Am Surg. 2024 Apr;90(4):560-566. doi: 10.1177/00031348231180950. Epub 2023 Jun 13.
ChatGPT has substantial potential to revolutionize medical education. We aim to assess how medical students and laypeople evaluate information produced by ChatGPT compared to an evidence-based resource on the diagnosis and management of 5 common surgical conditions.

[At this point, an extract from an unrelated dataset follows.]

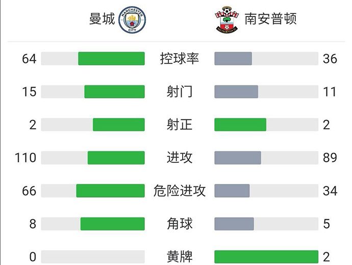 曼城0-0南安普顿 福登补时破门被吹

A 60-question anonymous online survey was distributed to third- and fourth-year U.S. medical students and laypeople to evaluate articles produced by ChatGPT and an evidence-based source on clarity, relevance, reliability, validity, organization, and comprehensiveness. Participants received 2 blinded articles, 1 from each source, for each surgical condition. Paired-sample t-tests were used to compare ratings between the 2 sources.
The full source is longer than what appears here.